深度神经网络（dnn）容易受到视觉上难以察觉的扰动，即对抗性示例（AEs）。主要的假设将这种易感性归因于“非稳健特征”，这种特征具有高度预测性，但很脆弱。最近的研究对基于鲁棒特征训练的模型的鲁棒性提出了挑战。一项研究表明，在鲁棒特征上训练的模型在跨范式设置中容易受到自动攻击。另一项研究表明，当攻击者完全了解鲁棒模型时，基于投影梯度下降（PGD）的鲁棒模型对攻击的易感性表明，存在“虚幻的鲁棒特征”——与错误标签高度相关的鲁棒特征——是这种漏洞的根本原因。这些发现使dnn的鲁棒性分析变得复杂，并揭示了局限性，但没有提供具体的解决方案。本文通过重新评估“鲁棒模型”对自动攻击的敏感性来扩展先前的工作。考虑到“虚幻鲁棒特征”是这种易感性的根本原因，我们提出了一种新的鲁棒化算法，该算法生成“纯化鲁棒数据集”。这种鲁棒化方法不仅消除了与正确标签弱相关的特征（非鲁棒特征）的影响，而且消除了与错误标签高度相关的特征（虚幻鲁棒特征）的影响。我们评估了在“标准”、“鲁棒”和“纯化鲁棒”数据集上训练的模型对基于最先进的自动攻击和PGD攻击的各种策略的鲁棒性。这些评估有助于更好地理解数据集和分类器中“非鲁棒”和“虚幻鲁棒”特征的存在及其纠缠如何导致dnn的易感性。我们的实验还表明，采用我们的鲁棒化方法，过滤掉训练集和测试集中“非鲁棒”和“虚幻鲁棒”特征的影响，有效地解决了dnn的漏洞，而不考虑上述纠缠。
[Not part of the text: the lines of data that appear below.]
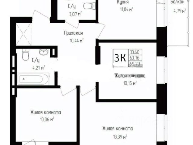 - Общая площадь 62.9 м2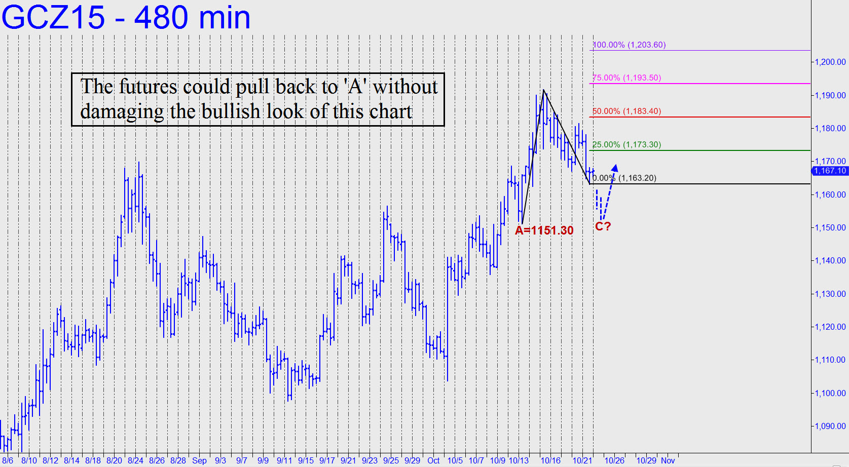 We’ll give the December contract a little more leeway to the downside, lest we get fooled into turning negative prematurely. The pattern shown is of greater degree than the one we used earlier that had allowed room down to 1162.50 before generating a bearish impulse leg. This one has a prospective point A low at 1151.30, and a pullback to within a point or two of it could set up the kind of low-risk buying opportunity that we look for. If the futures should instead hit 1173.30 on a rally without going any lower, that would turn our short-term trading bias bullish. ______ IMPORTANT UPDATE (Saturday, 3:35 p.m.): In the chat room just now, I have raised the yellow flag. Specifically, check out my 13:06 post concerning a danger signal flashed by a chartist colleague of mine whose technical work I greatly respect. Not a subscriber? Click here for a free two-week trial subscription. It will give you instant access not only to all of Rick’s daily trading ‘touts’ and intraday updates for stocks, options and index futures, but to a 24/7 chat room that draws veteran traders from around the world..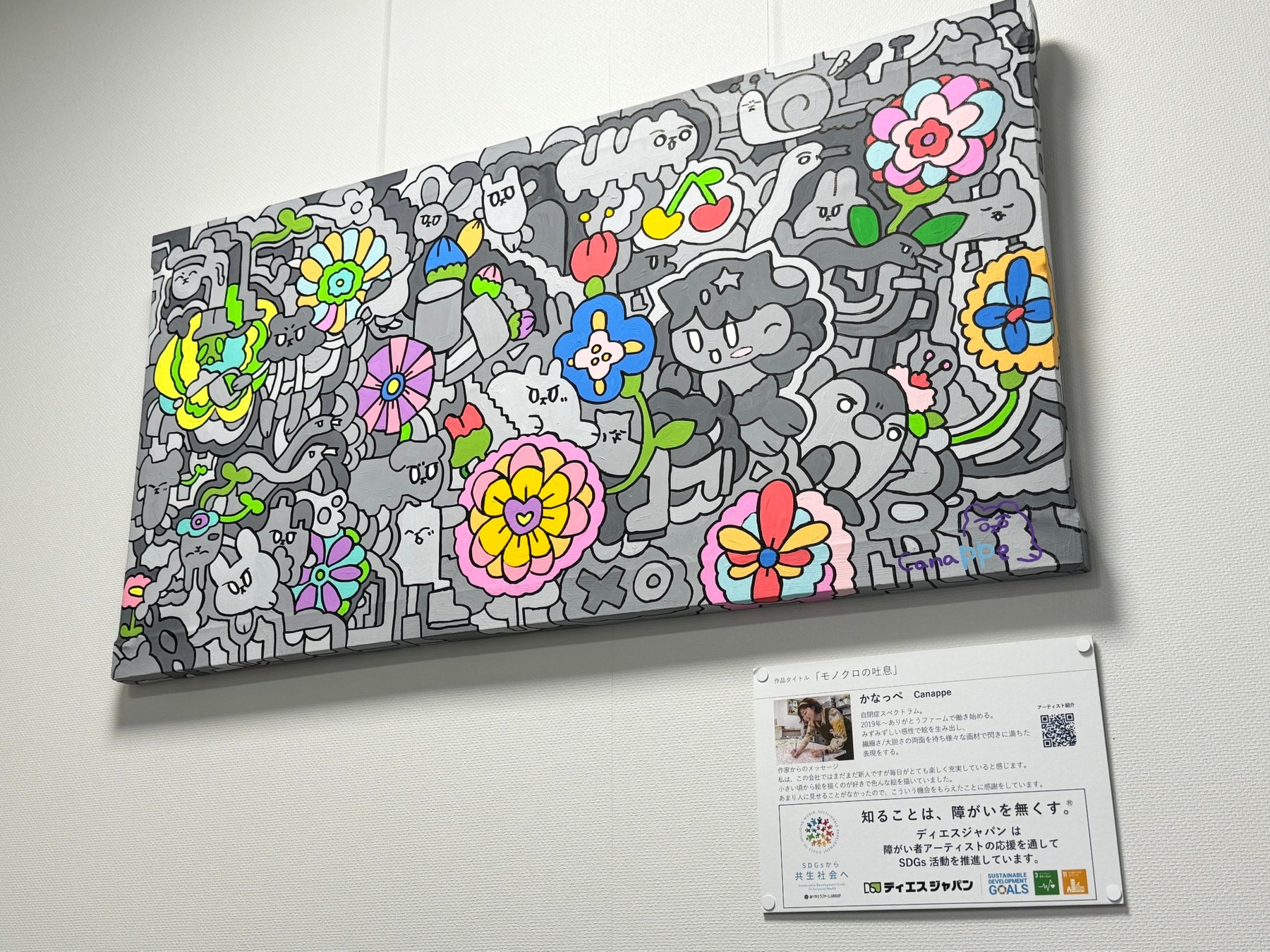 ウィズダイバーシティに加盟している岡山の株式会社ありがとうファームには、20名以上のハンディキャップアーティストが活躍しています。東京ディエスジャパンの本社会議室にありがとうファームのアーティスト作品を展示しているほか、一部社員の名刺裏にもアートを印刷しています。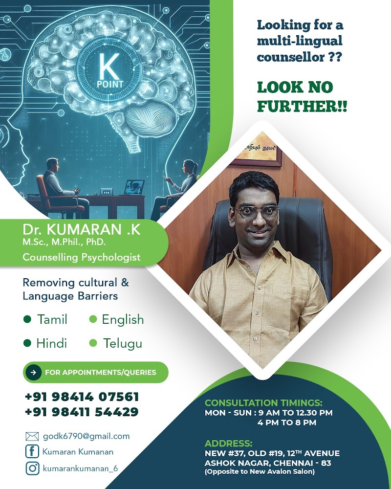 I had a consultation with Mr. Kumaran at K Point for sudden anger spikes, and it was a very positive experience. He explained things clearly and practically, helping me to understand how to approach situations calmly and improve my behavior. His friendly and reassuring nature instantly builds confidence and makes it easy to open up. I truly appreciate the clarity, guidance, and support he provided. Highly recommended.

本文的贡献促进了对深度神经网络漏洞的理解，并提供了针对复杂对抗性攻击的更强大的解决方案。

本文章由计算机程序翻译，如有差异，请以英文原文为准。

求助全文

约1分钟内获得全文求助全文

来源期刊

IEEE Access COMPUTER SCIENCE, INFORMATION SYSTEMSENGIN-ENGINEERING, ELECTRICAL & ELECTRONIC

CiteScore

9.80

自引率

7.70%

发文量

6673

审稿时长

6 weeks

期刊介绍： IEEE Access® is a multidisciplinary, open access (OA), applications-oriented, all-electronic archival journal that continuously presents the results of original research or development across all of IEEE''s fields of interest. IEEE Access will publish articles that are of high interest to readers, original, technically correct, and clearly presented. Supported by author publication charges (APC), its hallmarks are a rapid peer review and publication process with open access to all readers. Unlike IEEE''s traditional Transactions or Journals, reviews are "binary", in that reviewers will either Accept or Reject an article in the form it is submitted in order to achieve rapid turnaround. Especially encouraged are submissions on: Multidisciplinary topics, or applications-oriented articles and negative results that do not fit within the scope of IEEE''s traditional journals. Practical articles discussing new experiments or measurement techniques, interesting solutions to engineering. Development of new or improved fabrication or manufacturing techniques. Reviews or survey articles of new or evolving fields oriented to assist others in understanding the new area.